=== Section Start ===
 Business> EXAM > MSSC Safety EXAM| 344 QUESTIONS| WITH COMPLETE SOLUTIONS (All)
=== Section End ===
=== Section Start ===
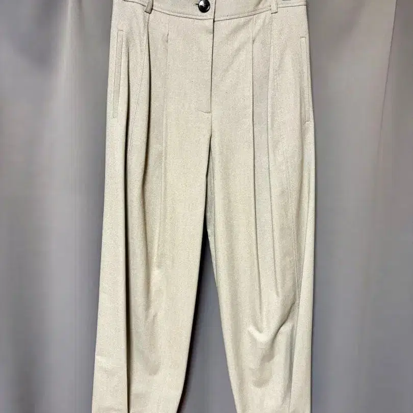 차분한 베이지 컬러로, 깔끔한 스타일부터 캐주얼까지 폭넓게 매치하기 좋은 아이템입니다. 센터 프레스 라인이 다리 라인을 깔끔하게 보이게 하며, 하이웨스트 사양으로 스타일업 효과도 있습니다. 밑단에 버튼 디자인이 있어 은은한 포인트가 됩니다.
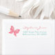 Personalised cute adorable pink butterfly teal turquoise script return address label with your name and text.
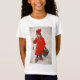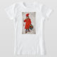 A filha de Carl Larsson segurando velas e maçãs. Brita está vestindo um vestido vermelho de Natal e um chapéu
=== Section End ===
- [The task]: Starting at the line above that has "차분한 베이지 컬러로, 깔끔한" and ending at the line that has "A filha de Carl", copy each line exactly, leaving the pictures out and adding nothing.

- [Task output]:
 차분한 베이지 컬러로, 깔끔한 스타일부터 캐주얼까지 폭넓게 매치하기 좋은 아이템입니다. 센터 프레스 라인이 다리 라인을 깔끔하게 보이게 하며, 하이웨스트 사양으로 스타일업 효과도 있습니다. 밑단에 버튼 디자인이 있어 은은한 포인트가 됩니다.
 Personalised cute adorable pink butterfly teal turquoise script return address label with your name and text.
 A filha de Carl Larsson segurando velas e maçãs. Brita está vestindo um vestido vermelho de Natal e um chapéu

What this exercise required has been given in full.